Is the “Tech Wreck” a new dot-com bubble bursting? In the Financial Times, Robin Wigglesworth suggests that the scale of wealth destruction currently happening in the market is underappreciated. He writes:
At what point does the slump in US technology stocks stop being dismissed as a mere “tech wreck” primarily centred on the most speculative companies and become considered a fully-fledged dotcom crash 2.0?
The combination of increasingly hawkish central banks and Russia’s invasion of Ukraine has been toxic for equity markets this year. The MSCI All-Country World index is now down 12 per cent in 2022. However, as is often the case, headline indices miss a more fascinating story underneath.

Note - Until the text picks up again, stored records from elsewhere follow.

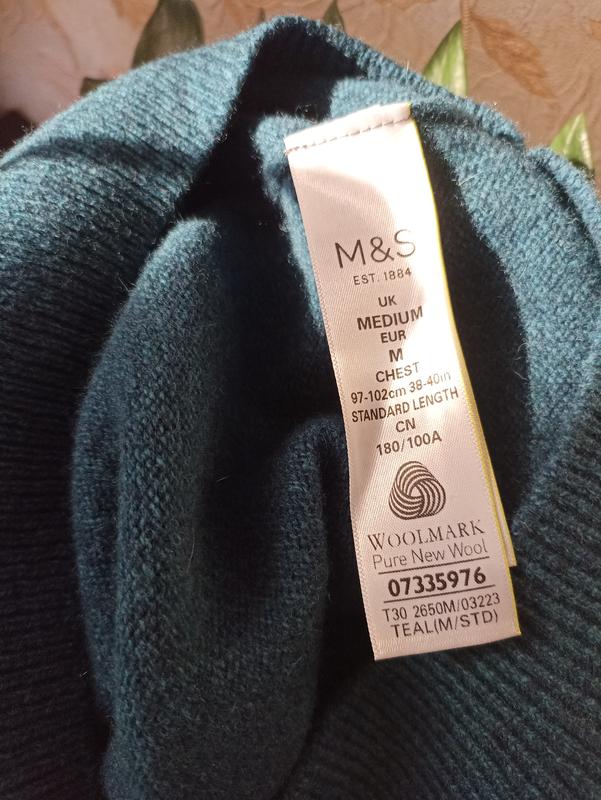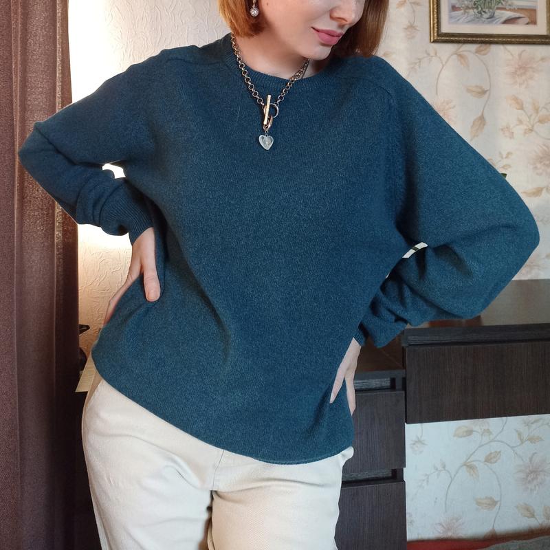 Теплый джемпер в красивом цвете морской волны от M&S. В составе 100% шерсть. Немного пушистый, теплый и приятный к телу.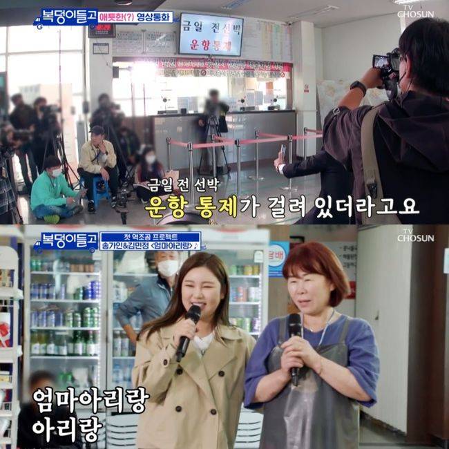 하지만 궂은 날씨 탓에 풍도로 가는 배는 결국 ‘출항금지’ 조치가 내려져 운항하지 못했다. 이에 두 사람은 처음에 믿지 못했고 운항이 재개되기를 간절히 바랐다. 결항이 확정되자 김호중은 아쉬운 마음을 달래기 위해 기타로 ‘이등병의 편지’를 연주하는 등 송가인과 함께 나레이션을 펼쳤다.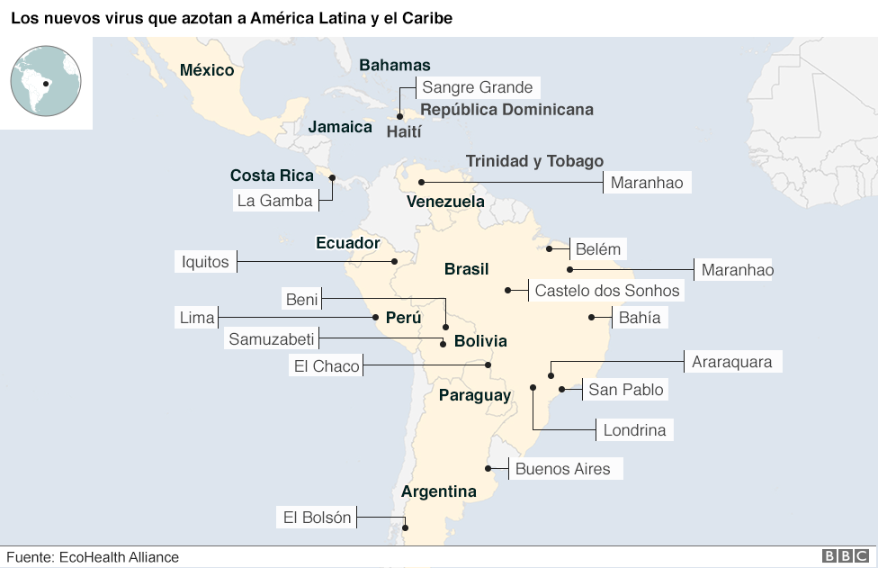 Según el banco de datos de enfermedades infecciosas emergentes de EcoHealth Alliance, América Latina y el Caribe fue caldo de cultivo de 27 tipos entre 1940 y 2013.

The pain has been primarily focused in US technology stocks. Despite a tepid bounce over the past week, the Nasdaq Composite index has already fallen nearly 20 per cent in 2022. In dollar terms, the tech-heavy market has now lost well over $5tn in value since its November peak — more than the Nasdaq’s dollar losses through the entire dotcom bubble unwinding in 2000-02.
Yes, the index is vastly bigger these days, But the scale of wealth destruction — and how painful it has been for many investors — is real and arguably under-appreciated, as the relative resilience of Big Tech is obscuring the extent of the damage.
Almost two-thirds of the Nasdaq’s 3,000 plus members have fallen by at least 25 per cent from their 52-week highs, according to numbers from Société Générale’s Andrew Lapthorne. Almost 43 per cent have lost more than half their value, and nearly a fifth have tumbled over 75 per cent — the worst such ratio since the financial crisis. The $5.15tn that has evaporated from the Nasdaq in recent weeks is like the entire UK stock market going “poof”.